Well-posedness and averaging principle of McKean-Vlasov SPDEs driven by cylindrical $\alpha$-stable process

TL;DR

This paper establishes the well-posedness and averaging principle for McKean-Vlasov SPDEs driven by cylindrical alpha-stable processes, providing a rigorous foundation and convergence rate for multiscale stochastic systems.

Contribution

It proves well-posedness and the averaging principle for a class of McKean-Vlasov SPDEs driven by cylindrical alpha-stable processes, with explicit convergence rates.

Findings

Proved well-posedness of McKean-Vlasov SPDEs with cylindrical alpha-stable noise.

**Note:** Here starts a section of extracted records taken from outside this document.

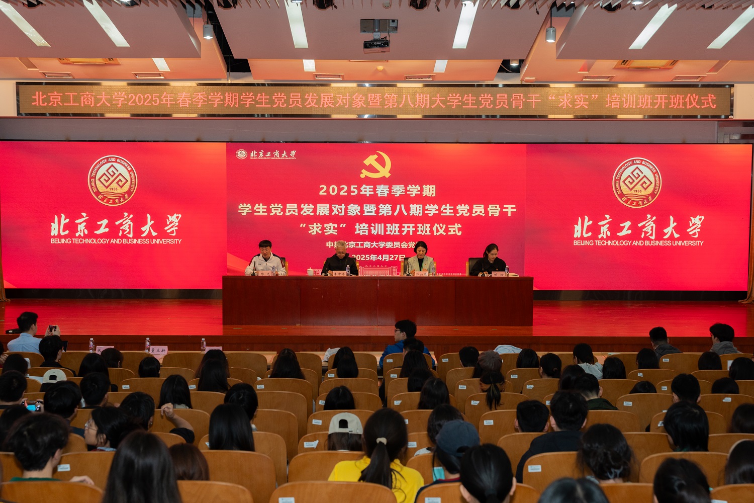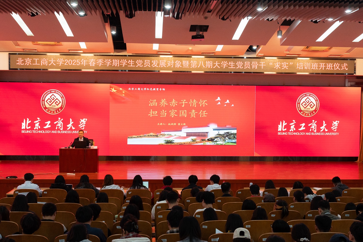 4月27日,2025年春季学期党员发展对象培训班开班仪式暨第八期学生党员骨干“求实”班集中培训在良乡校区举行。学校党委副书记李中奇出席开班仪式并讲话。党委研究生工作部部长郭新愿、党委学生工作部部长郑光、党委组织部副部长刘玢,2025年春季学期全体党员发展对象和“求实”班成员参加此次活动。仪式由郑光主持。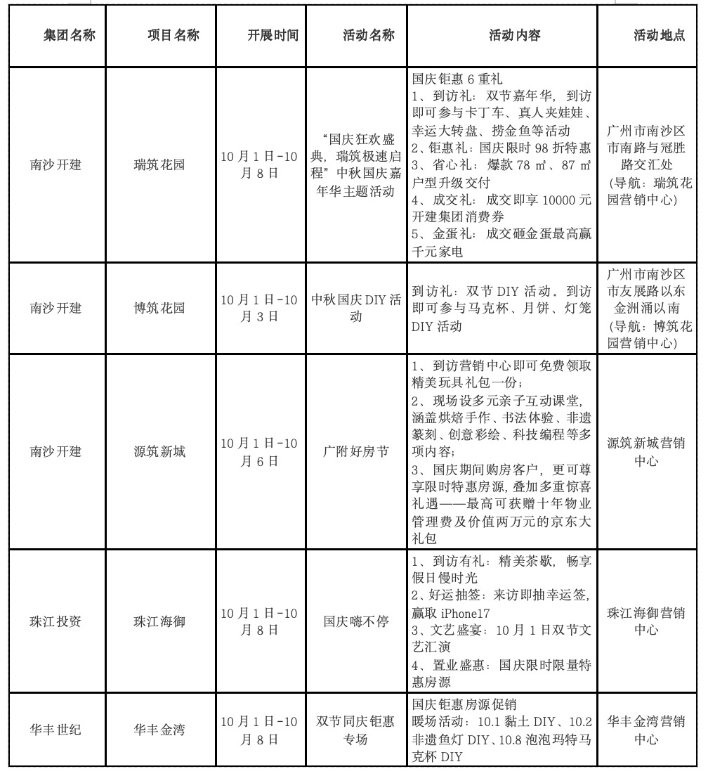 此外,国庆中秋八天超长假期,南沙各大楼盘早已备好一场“好看、好玩、好划算”的置业盛宴!带你玩转整个黄金周!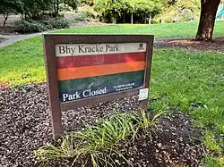 The park was named for Werner H. "Bhy" Kracke, who deeded the property to the city shortly after his death in 1971, along with $20,000 to develop it.[3][4] It was designed by landscape architect Roy Lehner to center around a winding trail between two levels—the viewpoint at the top and other amenities at the bottom.[5] Bhy Kracke Park has azaleas, magnolias, and rhododendrons. It has been described as "one of the best hidden parks" in the city.[6] Bhy Kracke has been considered for an off-leash dog park.[7]

Established averaging principle with strong convergence rate.

Demonstrated applicability to multiscale stochastic systems.

Abstract

In this paper, we first study the well-posedness of a class of McKean-Vlasov stochastic partial differential equations driven by cylindrical $\alpha$-stable process, where $\alpha\in(1,2)$. Then by the method of the Khasminskii's time discretization, we prove the averaging principle of a class of multiscale McKean-Vlasov stochastic partial differential equations driven by cylindrical $\alpha$-stable processes. Meanwhile, we obtain a specific strong convergence rate.